Обсуждение будущего Сэнди Элсворт заставило их задуматься о собственном.

Они рассмотрели разные варианты – колледж, замужество, детей, карьеру.

В зависимости от настроения менялись имена детей.

Если девочка – Триша, Элисон, Эмма, Ирена.

Если мальчик – Джефри, Кайл, Коди, Логан.

Но ни одно из имен не казалось вполне подходящим.

Как, впрочем, и ни один из вариантов будущего. Хотя, конечно, был вариант, который, осуществившись, будет казаться нормальным и даже неизбежным, потому что к нему приведут все совершенные в юности поступки и все принятые решения. Но пока ни одна из них об этом не подозревала.

Диана затормозила возле школы Фатимы, и в ту же секунду зазвенел звонок.

Двойные оранжевые двери распахнулись, и на улицу высыпала куча детворы в ветровках, весело затопотавшей по крыльцу. В этой пестрой толпе Диана не всегда могла сразу различить дочку.

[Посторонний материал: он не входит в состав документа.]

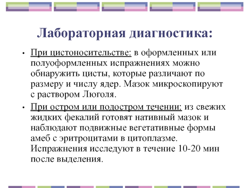 При остром или подостром течении: из свежих жидких фекалий готовят нативный мазок и наблюдают подвижные вегетативные формы амеб с эритроцитами в цитоплазме. Испражнения исследуют в течение 10-20 мин после выделения.
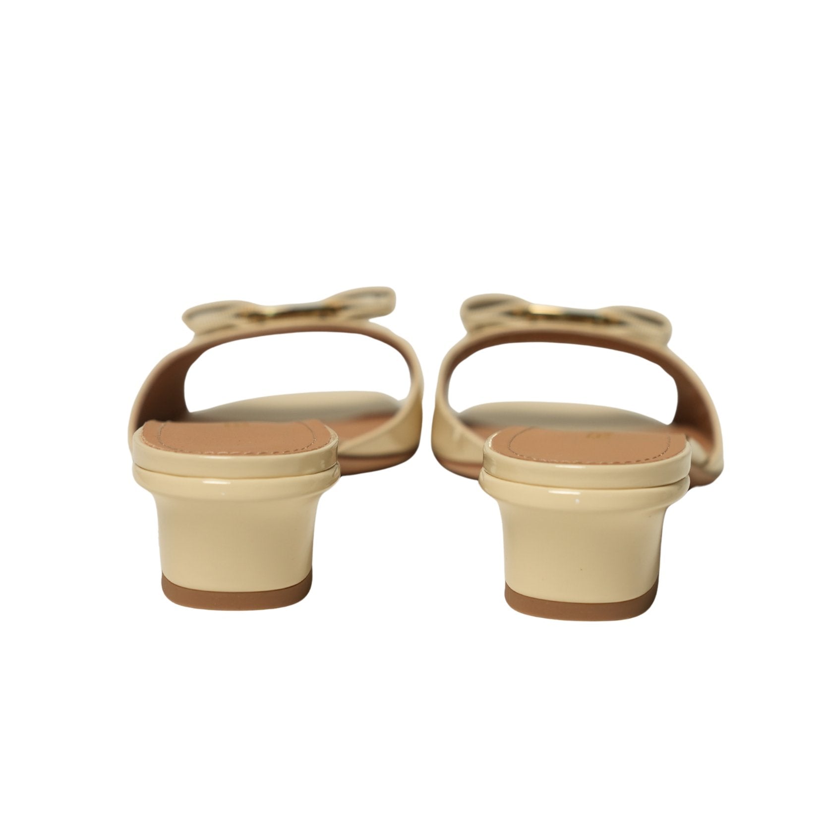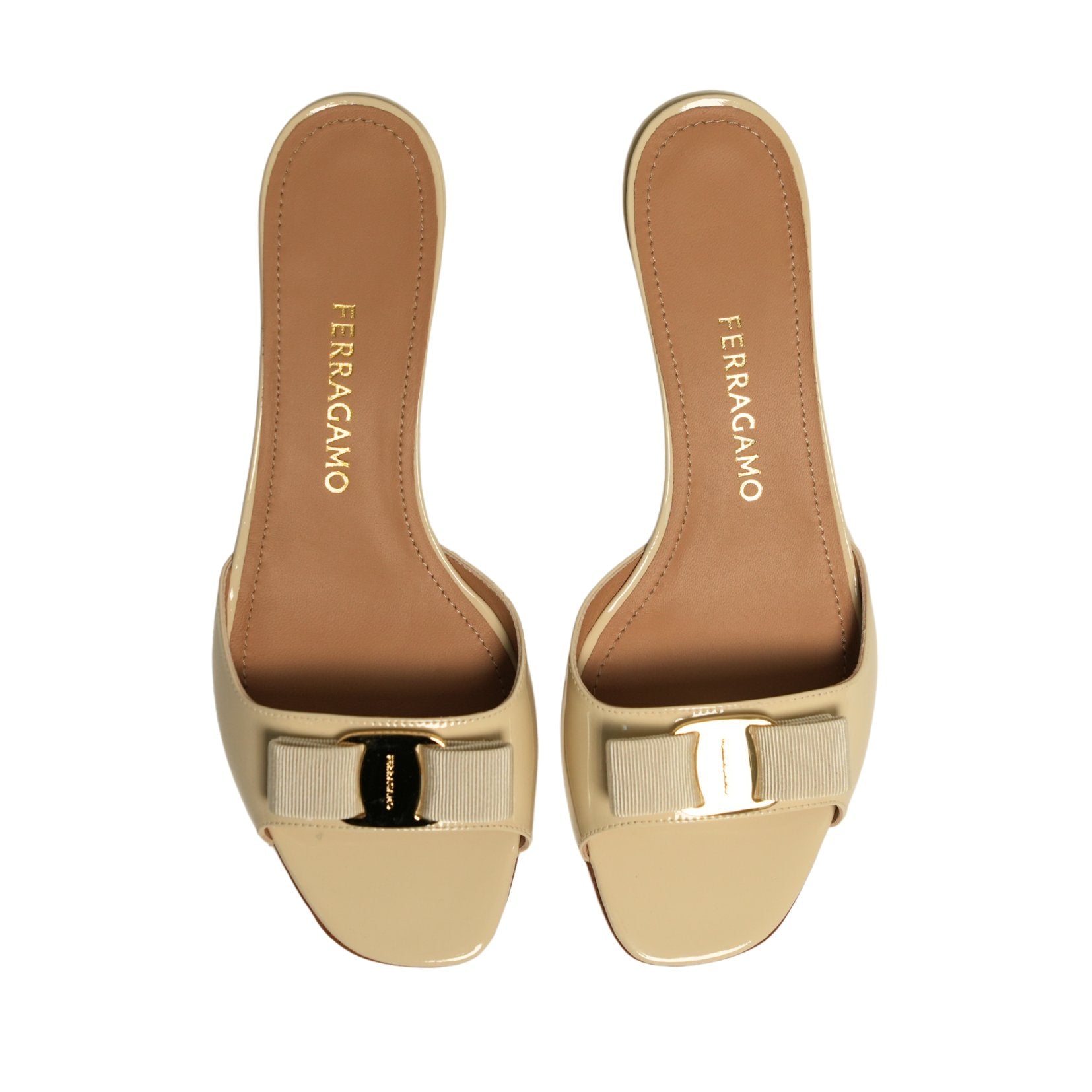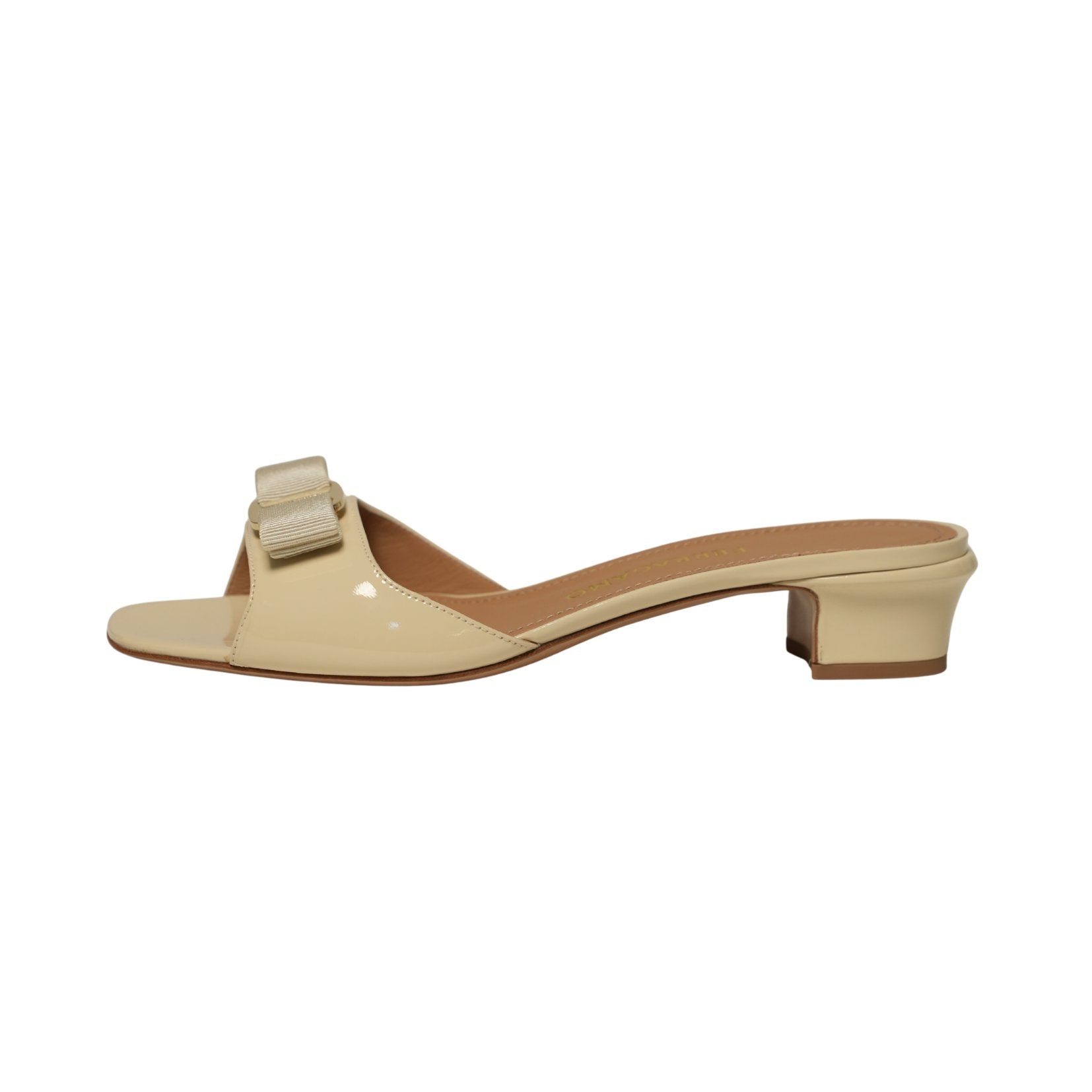 A refined take on the effortless slide. This sleek style pairs the corded texture of grosgrain with the high-shine finish of a glossy naplak strap across the toe. Finished with a signature Vara bow held by a gold-tone plate, the design balances romance and modern ease. A low curved heel adds subtle lift for all-day wear.

Она уже привыкла терпеливо ждать, пока перед ней не появится угловатая и такая родная фигурка Эммы, бегущей к поджидающему ее мини-вэну.

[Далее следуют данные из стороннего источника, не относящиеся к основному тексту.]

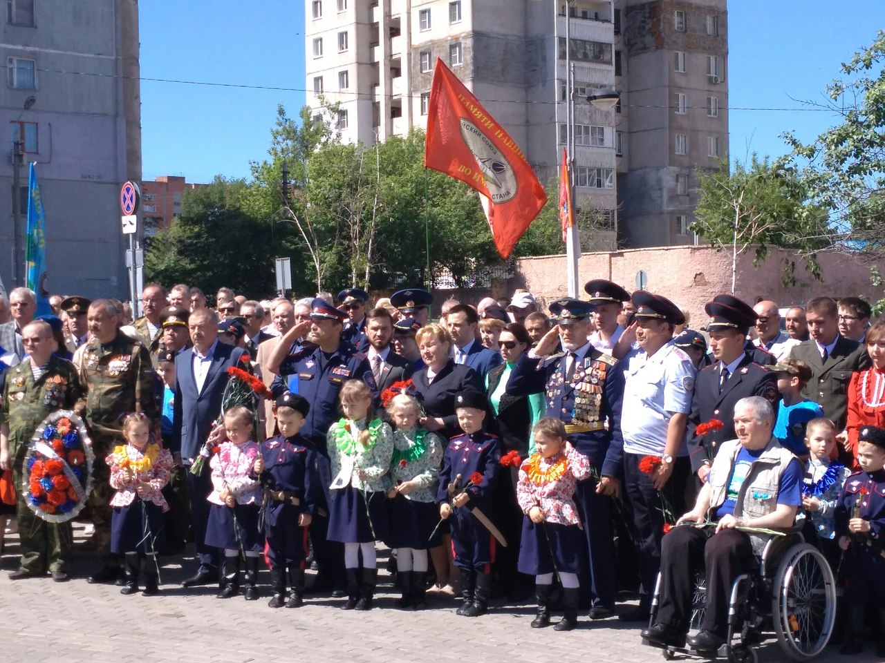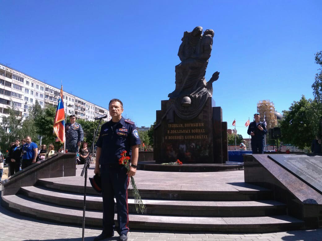 Была объявлена минута молчания в память о погибших участниках локальных войн и военных конфликтов. Прозвучал трехкратный залп оружейного салюта под звуки Гимна России. Затем состоялась церемония возложения цветов к монументу.

Диана наблюдала за детьми.

Ее взгляд то и дело выхватывал то одно, то другое знакомое лицо. Вот девочка с отчаянно рыжими волосами и такой бледной кожей, словно она живет в подземелье. А вот еще одна, беленькая, в очках: ей нельзя есть мороженое из-за аллергии на молочные продукты. Диане как-то пришлось бежать в магазин за фруктовым льдом для нее…

Вдруг эта самая девочка споткнулась и упала на цементные ступеньки.

Диана резко втянула воздух ртом. Девочка пролетела всего через одну ступеньку и поднялась цела и невредима, но ведь все могло обернуться гораздо хуже. У лестницы, сообразила Диана, нет перил, а это опасно. Надо что-то сделать… Ввести какие-то правила, запрещающие девочкам бегать по ступенькам. Она должна поговорить с сестрой Беатрис. Прямо сейчас.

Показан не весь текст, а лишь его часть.